#### EXERCISE DATA
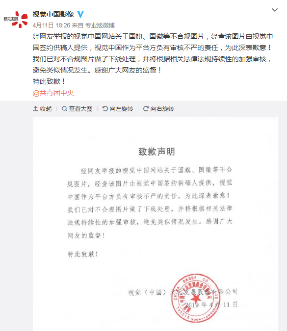 4月11日,視覺中國因黑洞照片版權問題引發(fā)公眾質疑,共青團中央官方微博更是直接質問“國旗、國徽版權也是貴公司的?”直指其版權不合理售賣問題。視覺中國官方微博當日回應,經網友舉報的視覺中國網站關于國旗、國徽等不合規(guī)圖片,經查該圖片由視覺中國簽約供稿人提供,視覺中國作為平臺方負有審核不嚴的責任,為此深表歉意!已對不合規(guī)圖片做了下線處理,并將根據相關法律法規(guī)持續(xù)性的加強審核,避免類似情況發(fā)生。
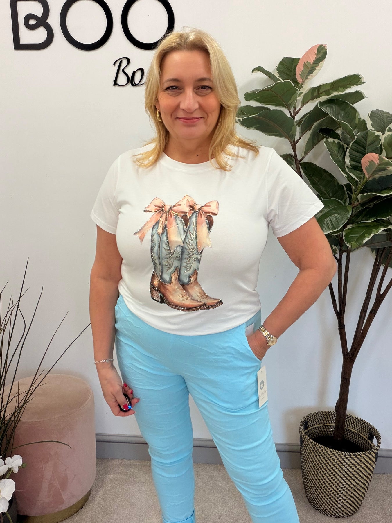 Ladies Fashion Stretch White T Shirt with cowboy boot logo
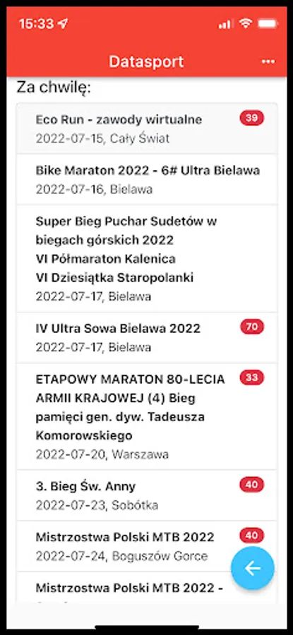 It allows you to sign up for the competition, view the results of the competition, take photos during the competition, read the result on the basis of scanning the QR code from the starting number.
########
Set down the line containing "Ladies Fashion Stretch", then every later line through the end of the material, exactly as written; omit any picture.

▶ [SOLUTION TO THIS PROBLEM]:
 Ladies Fashion Stretch White T Shirt with cowboy boot logo
 It allows you to sign up for the competition, view the results of the competition, take photos during the competition, read the result on the basis of scanning the QR code from the starting number.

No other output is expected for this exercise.